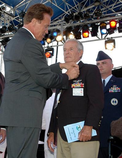 Keywords: A Schwarzenegger awards at a WWII 60th anniversary ceremony 2005.jpg en San Diego Calif May 29 2005 - California Gov Arnold Schwarzenegger awards a Rupture Duck to Army Air Corps Veteran Harry Kaplan at a WWII 60th anniversary ceremony The Rupture Duck was given to service members honorably discharged from the service during WWII The ceremony was organized by the Department of Defense World War II 60th Anniversary Commemoration Committee to pay tribute and recognize World War II veterans for their outstanding service and sacrifice during the Memorial Day weekend http //www navy mil/view_image asp id 24845 2005-05-29 U S Navy photo by Photographer's Mate 1st Class Michael Moriatis PD-USGov-Military-Navy Arnold Schwarzenegger in 2005 20050529 |
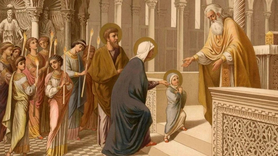 Когда Марии исполнилось три года, родители с благоговением привели ее в Иерусалимский храм, исполняя свое святое обещание. По преданию, первосвященник, ведомый духовным вдохновением, ввел девочку в Святая Святых — место, доступное лишь раз в году. Здесь Мария росла, посвящая свои детские и юношеские годы молитве, чистоте и духовным подвигам.
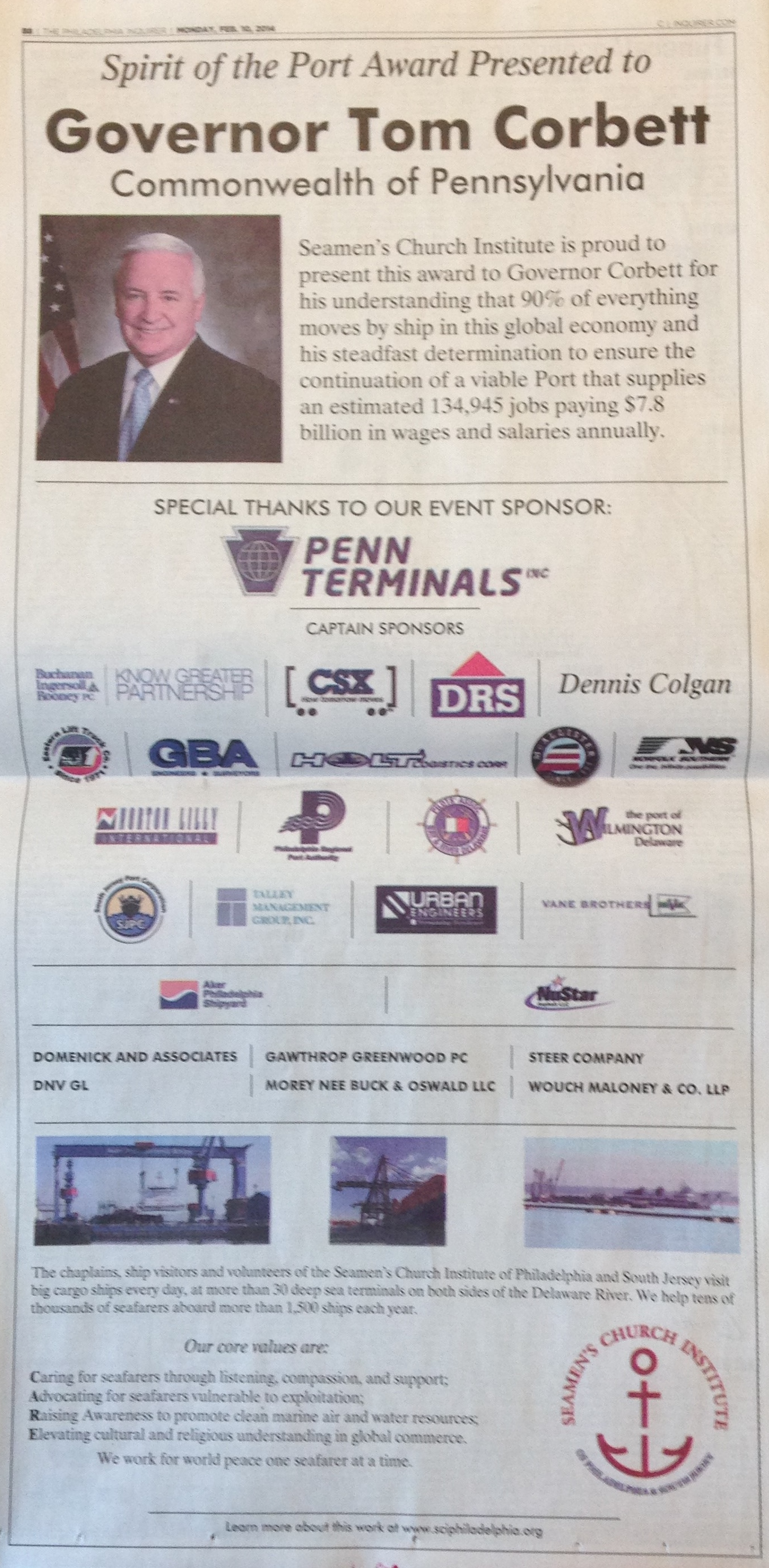 Later this week, the Seamen’s Church Institute of Philadelphia & South Jersey will present the Spirit of the Port Award to Governor Tom Corbett for his commitment to ensuring the Philadelphia port prospers and grows as a viable part of the greater Philadelphia, Pennsylvania and U.S. economy. The Philadelphia port is supporting more than 130,000 jobs paying more than $7.8 billion annually in wages and salaries. The award is accompanied by an announcement recognizing the Governor’s achievement in today’s Philadelphia Inquirer.
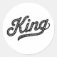 A bold and stylish “King” typography design in an elegant vintage script style.
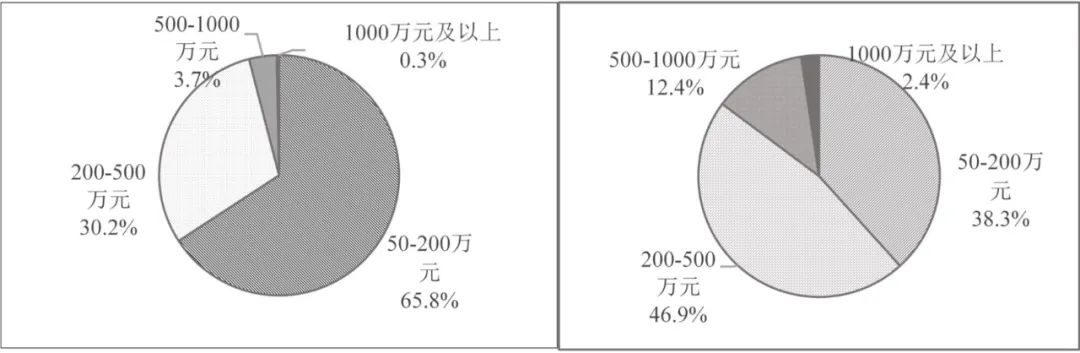 圖2 不同原值區間質譜儀器數量(左、臺/套)與原值(右、億元)分布
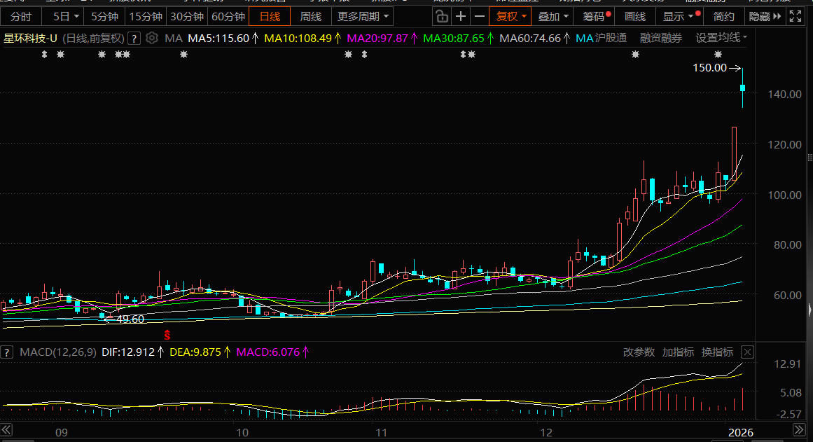 星环科技-U:公司是一家企业级大数据基础软件开发商,围绕数据的集成、存储、治理、建模、分析、挖掘和流通等数据全生命周期提供基础软件及服务,已形成大数据与云基础平台、分布式关系型数据库、数据开发与智能分析工具的软件产品矩阵,支撑客户及合作伙伴开发数据应用系统和业务应用系统,助力客户实现数字化转型。昨天盘中高开,量能放量,不过在收阴线,出现了背离触顶的迹象,不过macd快慢线零轴上方背离向上,盘中要先注意能否继续放量拉涨再说。

◆ ◆ ◆ ◆ ◆ ◆ ◆

Your task:
Nothing but the lines from the one with "A bold and stylish" to the one with "圖2 不同原值區間質譜儀器數量(左、臺/套)與原值(右、億元)分布" above, both included, should be transcribed, exactly and without pictures.

Solution:
 A bold and stylish “King” typography design in an elegant vintage script style.
 圖2 不同原值區間質譜儀器數量(左、臺/套)與原值(右、億元)分布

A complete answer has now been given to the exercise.